Business and technology publication The Logic reported that the Financial Transactions and Reports Analysis Centre of Canada’s portal, which is how Ontario operators submit their reports, was taken down by FINTRAC following a cyberattack in March 2024. The report notes that the portal is mainly used by small businesses; banks and most other large organizations use a secure data feed for filing reports, but iGaming Ontario (iGO) has allegedly not set up that avenue.
Hackers didn’t transfer sensitive data
Consequently, operators were left unable to report suspected money laundering or other suspected fraudulent activity, a state of play that extended for a year until iGO gave operators access again in March 2025 after FINTRAC completed an update of its tech systems and restored access.
FINTRAC stated that the attacker didn’t transfer any sensitive data, per The Logic.
iGO spokesperson Josh Elliott confirmed to the publication that the conduct-and-manage agency is building its own improved and automated system for filing such reports. Canadian Gaming Business reached out to iGO seeking more information, but has not received a response yet.
Authorized online gaming operators in Ontario must file suspicious transaction reports manually and upload them one at a time on a per-incident basis via the FINTRAC portal, although they do have the option to use their own in-house automation technology to speed up the process.
iGO has submitted 80K reports to FINTRAC
Some 49 licensed commercial operators are active in the Ontario market as of May 5 and the largest of them file thousands of reports every year. Elliott said that iGO has submitted more than 80,000 reports to FINTRAC on behalf of operators since April 2022, and the agency and its contracted operator partners are working on clearing the backlog that remains.

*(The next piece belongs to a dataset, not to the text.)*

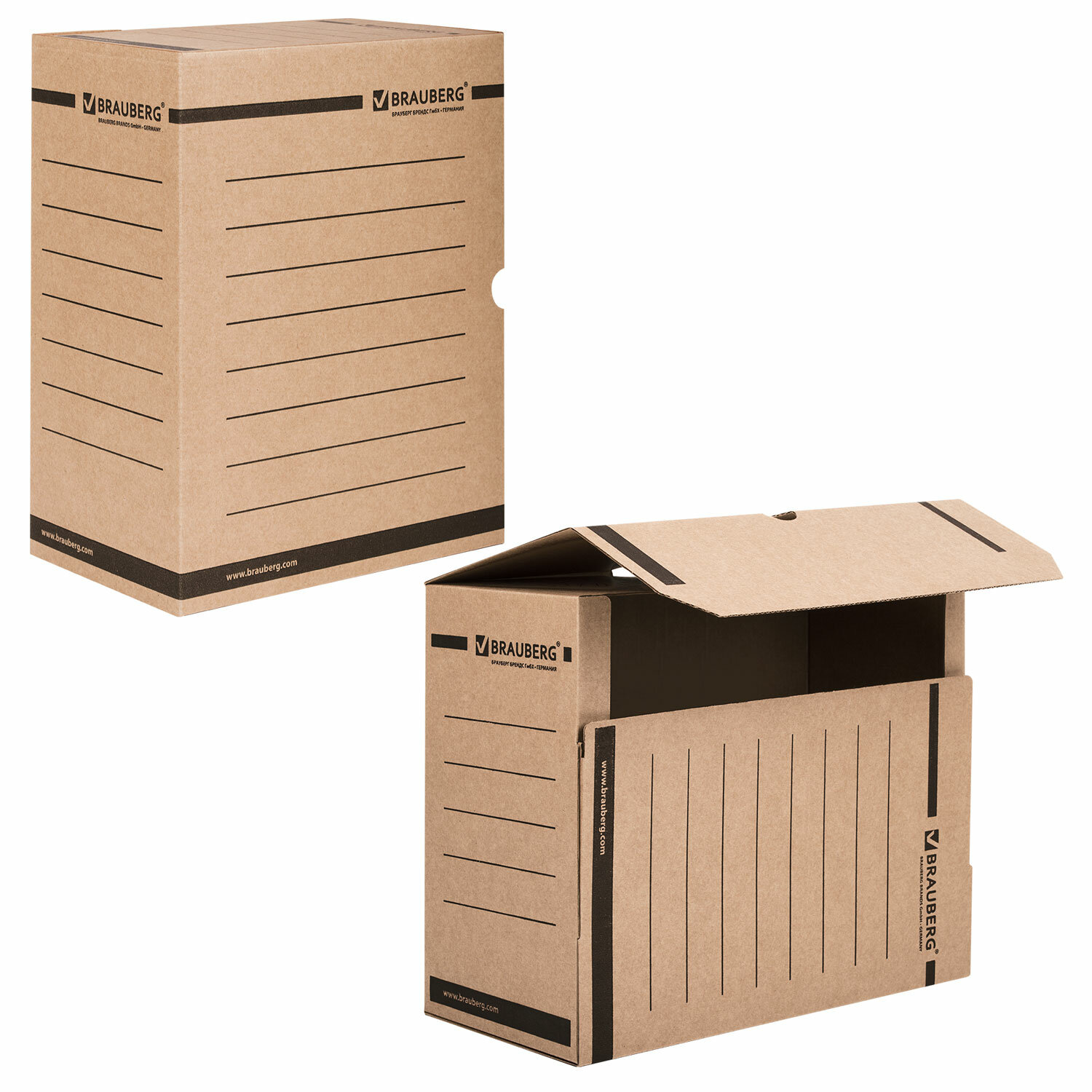 - Короб архивный с клапаном А4 (260х325 мм), 150 мм, до 1400 листов, плотный, микрогофрокартон, BRAUBERG, 124849

Ontario’s 49 operators, who run a combined 84 online gambling platforms, collectively handled almost $83 billion in player activity in the 2024-25 fiscal year alone. That year ran from April 1, 2024, to March 31, 2025; for almost the entirety of that period, they could not file suspicious activity reports via FINTRAC.
Canadian Gaming Association President and CEO Paul Burns told The Logic that the FINTRAC downtime has “been awful for everybody.”
Observers suggest Canadian gambling has a fraud problem
The CGA has made anti-money laundering a core issue of its advocacy. It noted in its 2024 Advocacy Policies that one of its goals for last year was to “actively participate” in the parliamentary review of the Proceeds of Crime (Money Laundering) and Terrorist Financing Act (PCMLTF Act) to ensure Canada’s AML laws and regulations can keep up with the evolution of online gambling.
Last October, a report from TransUnion Canada found that online gambling is the most susceptible sector in the country when it comes to digital fraud attempts, and the rate of instances within Canadian-specific gambling soared 79.3% year-over-year.
TransUnion Canada Head of Identity Management and Fraud Solutions Patrick Boudreau urged businesses including gambling operators to make technology such as identity verification, IP intelligence, device reputation and synthetic identity detection “critical components” of their fraud prevention programs.
In January of this year, FINTRAC publicly warned that known fentanyl traffickers were believed to be using online gambling platforms to launder money from dealing and production, disguising the deposits and withdrawals as wagering winnings.
Under its “general money laundering indicators,” FINTRAC notes that a client making high-volume or frequent purchases from a personal account to online gambling platforms and subsequently receiving funds into the same account from payment processors associated with online gambling platforms is “an unusual pattern” that warrants close attention.